» **WORK REQUEST**
Give back every record word for word, but keep the pictures out.

[Records from a collection]
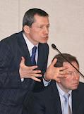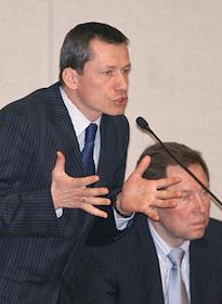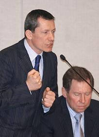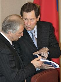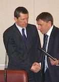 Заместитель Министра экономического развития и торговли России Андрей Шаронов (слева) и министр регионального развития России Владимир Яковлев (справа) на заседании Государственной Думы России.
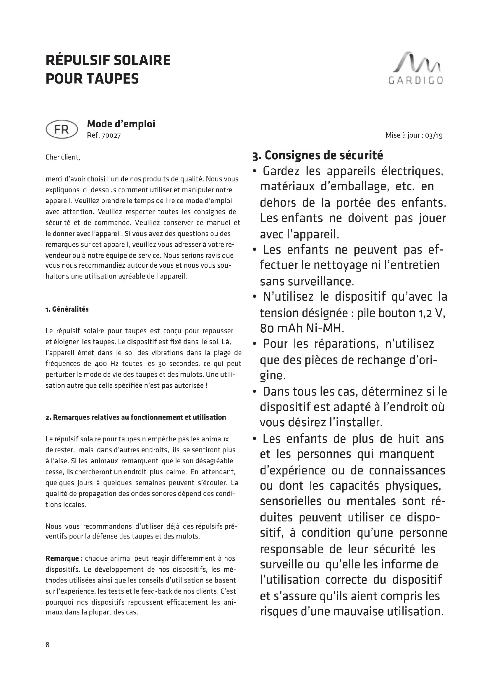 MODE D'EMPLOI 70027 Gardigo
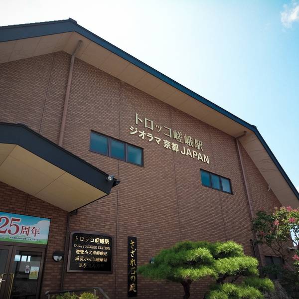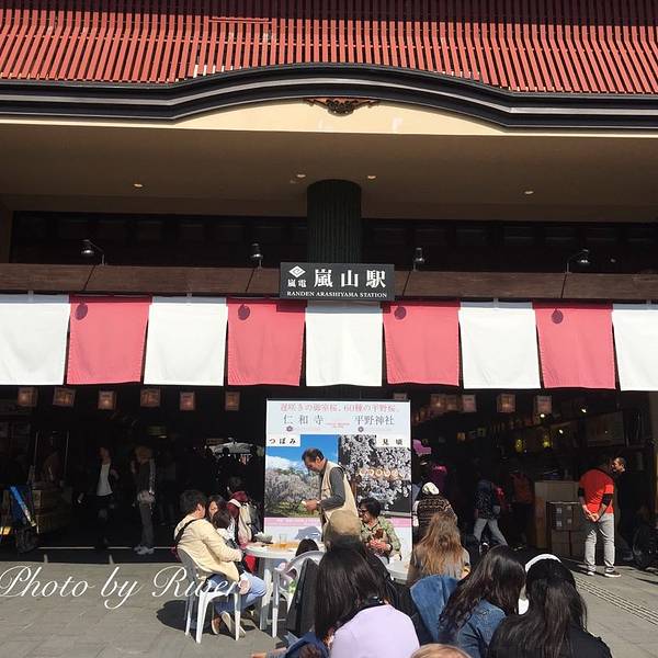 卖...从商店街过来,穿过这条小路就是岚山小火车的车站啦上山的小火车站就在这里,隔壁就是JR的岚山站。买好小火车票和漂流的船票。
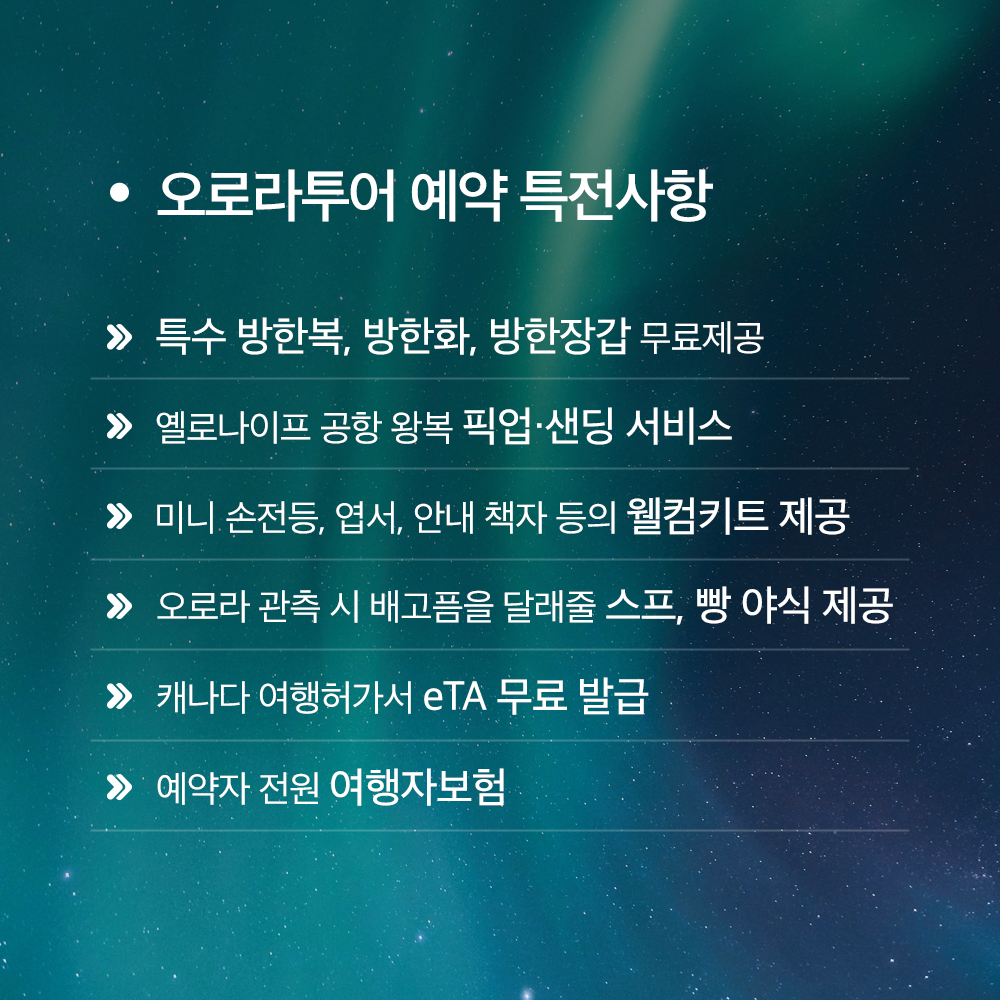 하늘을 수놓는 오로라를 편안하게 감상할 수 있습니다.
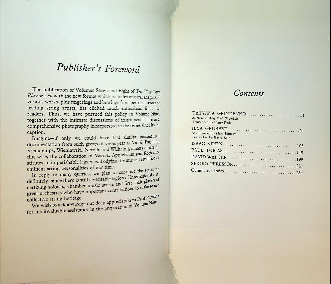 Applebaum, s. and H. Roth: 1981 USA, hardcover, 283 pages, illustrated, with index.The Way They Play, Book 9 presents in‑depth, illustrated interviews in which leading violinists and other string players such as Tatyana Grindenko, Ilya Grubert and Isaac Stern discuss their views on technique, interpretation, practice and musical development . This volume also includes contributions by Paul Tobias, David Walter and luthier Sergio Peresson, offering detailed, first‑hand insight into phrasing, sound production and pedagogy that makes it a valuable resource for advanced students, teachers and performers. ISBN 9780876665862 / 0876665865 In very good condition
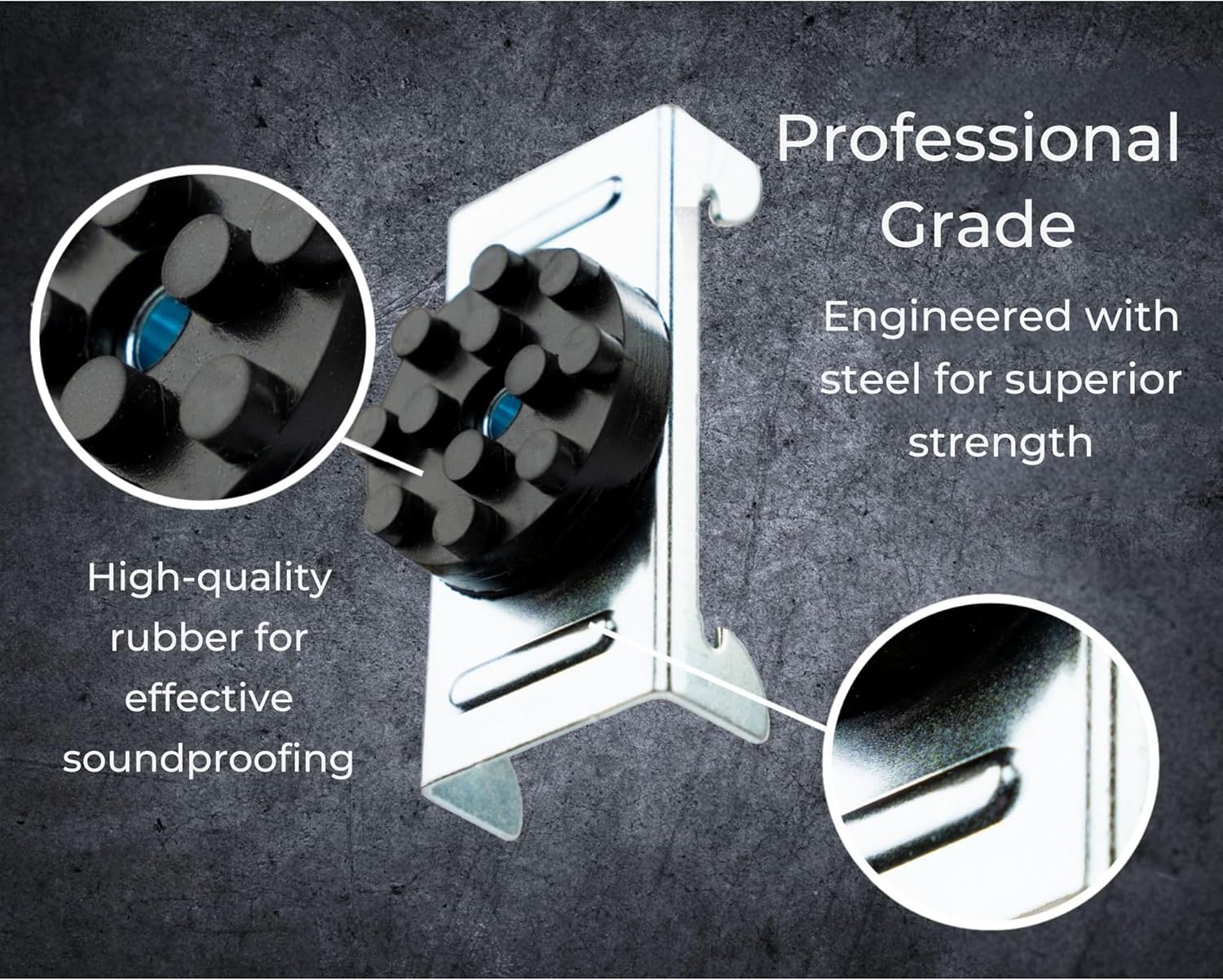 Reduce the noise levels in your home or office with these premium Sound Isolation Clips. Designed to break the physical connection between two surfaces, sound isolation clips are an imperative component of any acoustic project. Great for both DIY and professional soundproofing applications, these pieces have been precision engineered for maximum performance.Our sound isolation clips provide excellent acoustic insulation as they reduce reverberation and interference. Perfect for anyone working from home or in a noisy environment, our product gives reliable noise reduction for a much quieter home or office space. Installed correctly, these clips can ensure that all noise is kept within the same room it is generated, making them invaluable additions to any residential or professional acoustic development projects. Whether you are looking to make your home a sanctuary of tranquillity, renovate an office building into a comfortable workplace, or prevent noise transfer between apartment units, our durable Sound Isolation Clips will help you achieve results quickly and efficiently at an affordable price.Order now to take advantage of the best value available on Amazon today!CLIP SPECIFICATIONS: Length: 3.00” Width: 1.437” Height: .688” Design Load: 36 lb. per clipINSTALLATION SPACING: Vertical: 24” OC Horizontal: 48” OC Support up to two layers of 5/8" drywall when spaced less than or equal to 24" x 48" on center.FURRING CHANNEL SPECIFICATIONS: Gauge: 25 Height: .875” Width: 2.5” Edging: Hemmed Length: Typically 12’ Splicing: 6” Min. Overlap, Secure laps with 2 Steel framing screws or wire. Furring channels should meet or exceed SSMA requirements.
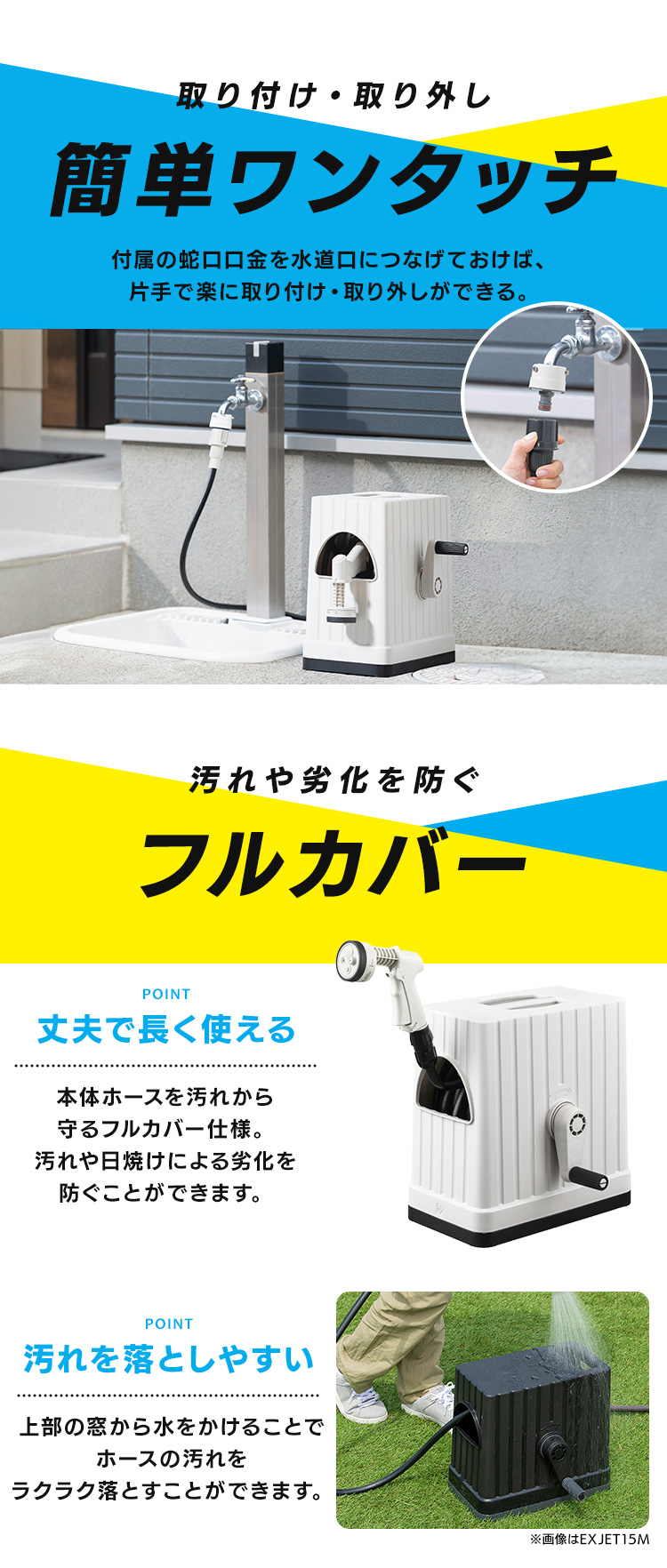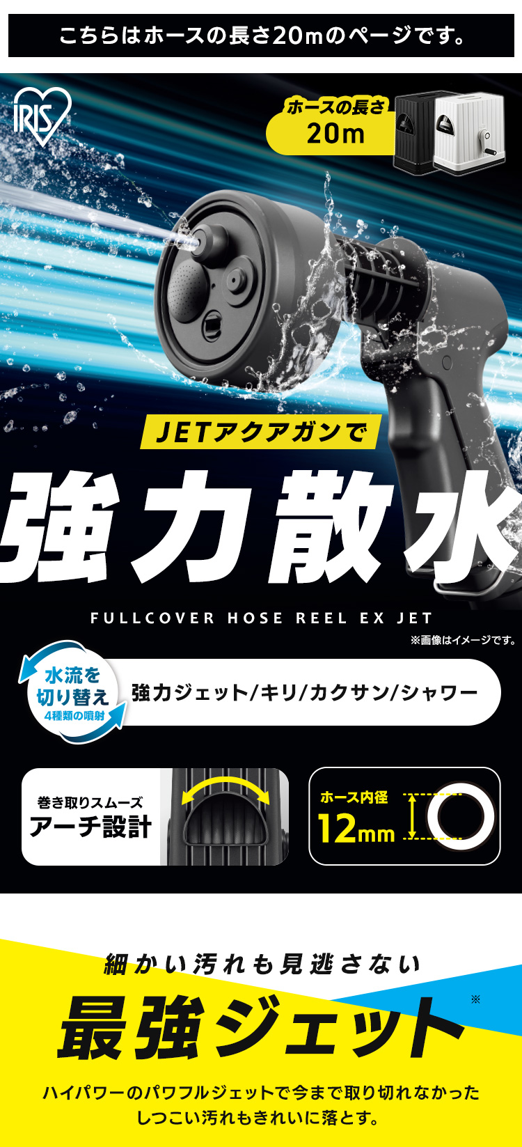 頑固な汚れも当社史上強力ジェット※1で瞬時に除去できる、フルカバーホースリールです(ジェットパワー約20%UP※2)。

» **OUTPUT**
 Заместитель Министра экономического развития и торговли России Андрей Шаронов (слева) и министр регионального развития России Владимир Яковлев (справа) на заседании Государственной Думы России.
 MODE D'EMPLOI 70027 Gardigo
 卖...从商店街过来,穿过这条小路就是岚山小火车的车站啦上山的小火车站就在这里,隔壁就是JR的岚山站。买好小火车票和漂流的船票。
 하늘을 수놓는 오로라를 편안하게 감상할 수 있습니다.
 Applebaum, s. and H. Roth: 1981 USA, hardcover, 283 pages, illustrated, with index.The Way They Play, Book 9 presents in‑depth, illustrated interviews in which leading violinists and other string players such as Tatyana Grindenko, Ilya Grubert and Isaac Stern discuss their views on technique, interpretation, practice and musical development . This volume also includes contributions by Paul Tobias, David Walter and luthier Sergio Peresson, offering detailed, first‑hand insight into phrasing, sound production and pedagogy that makes it a valuable resource for advanced students, teachers and performers. ISBN 9780876665862 / 0876665865 In very good condition
 Reduce the noise levels in your home or office with these premium Sound Isolation Clips. Designed to break the physical connection between two surfaces, sound isolation clips are an imperative component of any acoustic project. Great for both DIY and professional soundproofing applications, these pieces have been precision engineered for maximum performance.Our sound isolation clips provide excellent acoustic insulation as they reduce reverberation and interference. Perfect for anyone working from home or in a noisy environment, our product gives reliable noise reduction for a much quieter home or office space. Installed correctly, these clips can ensure that all noise is kept within the same room it is generated, making them invaluable additions to any residential or professional acoustic development projects. Whether you are looking to make your home a sanctuary of tranquillity, renovate an office building into a comfortable workplace, or prevent noise transfer between apartment units, our durable Sound Isolation Clips will help you achieve results quickly and efficiently at an affordable price.Order now to take advantage of the best value available on Amazon today!CLIP SPECIFICATIONS: Length: 3.00” Width: 1.437” Height: .688” Design Load: 36 lb. per clipINSTALLATION SPACING: Vertical: 24” OC Horizontal: 48” OC Support up to two layers of 5/8" drywall when spaced less than or equal to 24" x 48" on center.FURRING CHANNEL SPECIFICATIONS: Gauge: 25 Height: .875” Width: 2.5” Edging: Hemmed Length: Typically 12’ Splicing: 6” Min. Overlap, Secure laps with 2 Steel framing screws or wire. Furring channels should meet or exceed SSMA requirements.
 頑固な汚れも当社史上強力ジェット※1で瞬時に除去できる、フルカバーホースリールです(ジェットパワー約20%UP※2)。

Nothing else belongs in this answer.